Steven Avery's June 2022 mug shot. PC: Fox 11 Online
(WTAQ-WLUK) – Steven Avery personally wrote the Wisconsin Supreme Court asking for a new trial, saying he is the “victim of a set up and it has to be fixed now.”
Avery, 62, is serving a life sentence for the 2005 murder of Teresa Halbach, a freelance photographer. Avery has maintained his innocence, but every appeal, to this point, has been denied.
After a state appeals court denied his latest appeal, Avery’s attorney asked the Wisconsin Supreme Court to take the case. It has not made a ruling on if it will do so.
Despite that official process being underway, Avery typed a six-page letter to the court from Fox Lake Correctional Institution – addressed to the Chief Justice – raising some of the same issues his appeals have addressed – and were rejected by the courts.
“The real killer could have killed again and the state is protect him of my miscarriage of justice. New trial should be (granted) for miscarriage of justice. Defendant was convicted of an offense that he did not commit. The criminal justice system is Broken; And it has to be fixed and this is the time to fix it and get it right, because I’m a victim of a setup and it has to be fixed now,” he wrote.
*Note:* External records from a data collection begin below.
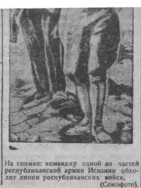
На снимке: командир одной из частей республиканской армии Испании обходит линии республиканских войск.

на других фронтах. Если верно наше утверждение, что мы ведем войну за независимость, то еще более верно лозунг, выдвинутый нашей партией в первые же дни борьбы: лишь создание регулярной армии может привести к победе. Сегодня этой армией гордится республиканская Испания. Республиканская Испания гордится высоким наступательным и победным духом этой армии, которую руководят преданные делу народа начальники. Год войны открывает нашему народу перспективы победы, которая не будет легкой. Эта победа будет достигнута в результате крупных сражений, уже начавшихся на центральном фронте и требующих от всех пламенного энтузиазма, огромных жертв и железной воли.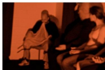
Historische und aktuelle Fotografien einer der zentralen Erscheinungsformen der Physikalischen Medialität.

Das Auftreten einer feinstofflichen Substanz, die unter dem Namen Ektoplasma fragwürdige Berühmtheit erlangt hat.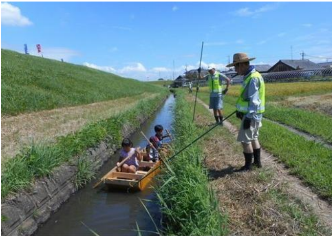
お姉さんはしっかり舵を取っているのですが、苦戦しています。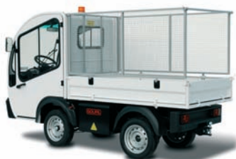
Réhausse grillagées escamotables et traitées anti-corrosion

Among the specific claims Avery makes:
- That Sheboygan County Judge Angela Sutkiewicz, who denied several motions at the circuit court level, “turned a blind eye to much of the evidence and also refused to admit probative admissible evidence that, when evaluated under the proper standing, is damning.”
- That the courts should allow him to blame another suspect for Halbach’s death.
- That his rights were violated when it returned remains to the Halbach family.
Prosecutors have not responded to the letter.
Avery’s nephew, Brendan Dassey, was also convicted. Dassey’s appeals have all been rejected, and he has none pending.
Their cases received worldwide attention with the 2015 release of the Netflix series “Making A Murderer.”